Les cita­tions de Carole Rous­so­pou­los sont extraites de l’entretien paru dans la revue Nou­velles Ques­tions Fémi­nistes (volume 28, n°1, 2009, p. 98 – 118).

https://www.caroleroussopoulos.com/

Grèves ouvrières, luttes anti-impé­ria­listes, mou­ve­ments révo­lu­tion­naires et fémi­nistes, la vidéaste Carole Rous­so­pou­los a consti­tué tout au long de sa vie une mémoire en images des résis­tances à l’op­pres­sion. Pion­nière de la vidéo, elle a réa­li­sé et mon­té près de 150 docu­men­taires, tou­jours dans une pers­pec­tive fémi­niste et huma­niste. Son œuvre consi­dé­rable qui couvre qua­rante ans de luttes est conser­vée à la Média­thèque Valais en Suisse et à la Biblio­thèque natio­nale de France.
Carole Rous­so­pou­los pos­sé­dait la double natio­na­li­té fran­çaise et suisse. Che­va­lière de la Légion d’honneur, elle est par­tie en 2009, après avoir reçu le pres­ti­gieux Prix cultu­rel du Valais pour l’ensemble de son œuvre.

Née le 25 mai 1945 à Lau­sanne, Carole Rous­so­pou­los passe son enfance à Sion et s’installe à Paris en 1967. Deux ans plus tard, sur les conseils de son ami l’écrivain Jean Genet, alors qu’elle vient d’être licen­ciée par le maga­zine Vogue, elle achète l’une des pre­mières camé­ras vidéo por­tables, le fameux « Por­ta­pack » de Sony, dont le pre­mier acqué­reur en France fut Jean-Luc Godard. Avec son com­pa­gnon Paul Rous­so­pou­los, elle fonde le pre­mier col­lec­tif de vidéo mili­tante, « Vidéo Out », et dès lors ne cesse de don­ner la parole aux « sans-voix », opprimé·es et exclu·es : « La vidéo por­table per­met­tait de don­ner la parole aux gens direc­te­ment concer­nés, qui n’étaient donc pas obli­gés de pas­ser à la mou­li­nette des jour­na­listes et des médias, et qui pou­vaient faire leur propre information. »

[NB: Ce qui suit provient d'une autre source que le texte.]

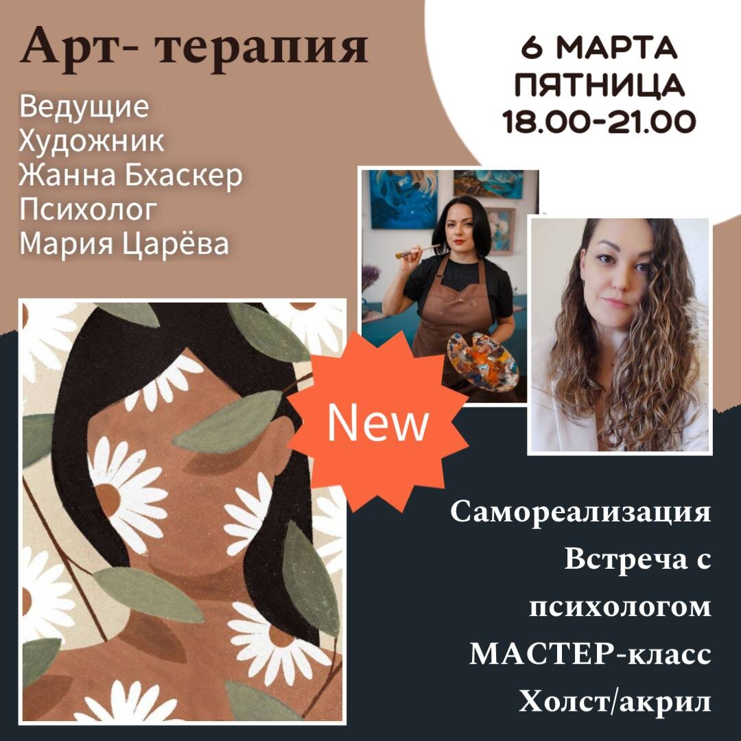 6 марта 2026г. состоится незабываемый вечер, посвященный женской самореализации: только девушки, свобода мысли, творческий полет и эмоциональный подъем в арт-студиичлена Профессионального союза художников России Жанны Бхаскер. Нередко под самореализацией понимают только карьеру. Но реализация самой себя может быть разной: в профессиональной сфере, в супружестве, в материнстве, в творчестве и не только! С практикующим психологом Марией Царевой мы обсудим: И, конечно, сделаем несколько психологических практик, чтобы найти искренние ответы на эти вопросы в глубине своей души. Предстоящее событие – это комплекс лучших психологических практик и художественный мастер-класс от выдающейся Жанны Бхаскер, которая мотивирует через рисование и вдохновляет творчеством, а еще поможет каждой из нас написать картину! Мы будем рисовать по образцу, но у каждой из нас получится свой результат, ведь все мы можем вносить коррективы в процесс создания картины, выбирать те или иные краски, выбирать свой путь

Le mili­tan­tisme vidéo de Carole Rous­so­pou­los s’inscrit dans le cou­rant de contes­ta­tion cultu­relle issu de mai 68. Tout au long de la décen­nie 70, dotée d’un sens aigu de l’Histoire, elle accom­pagne les grandes luttes qui lui sont contem­po­raines, livre une cri­tique des médias, dévoile les oppres­sions et les répres­sions, docu­mente les contre-attaques et les prises de conscience. Camé­ra au poing, Carole Rous­so­pou­los sou­tient les grèves ouvrières (six docu­men­taires en trois ans sur les conflits Lip), les luttes anti-impé­ria­listes (celles des Palestinien·nes, Black Pan­thers et autres mou­ve­ments de libé­ra­tion), homo­sexuelles (Front Homo­sexuel d’Action Révo­lu­tion­naire) et sur­tout fémi­nistes : les com­bats en faveur de l’avortement et de la contra­cep­tion libre et gra­tuite dès 1971, la mobi­li­sa­tion des pros­ti­tuées de Lyon en 1975, celle contre le viol, la lutte des femmes à Chypre et dans l’Espagne franquiste.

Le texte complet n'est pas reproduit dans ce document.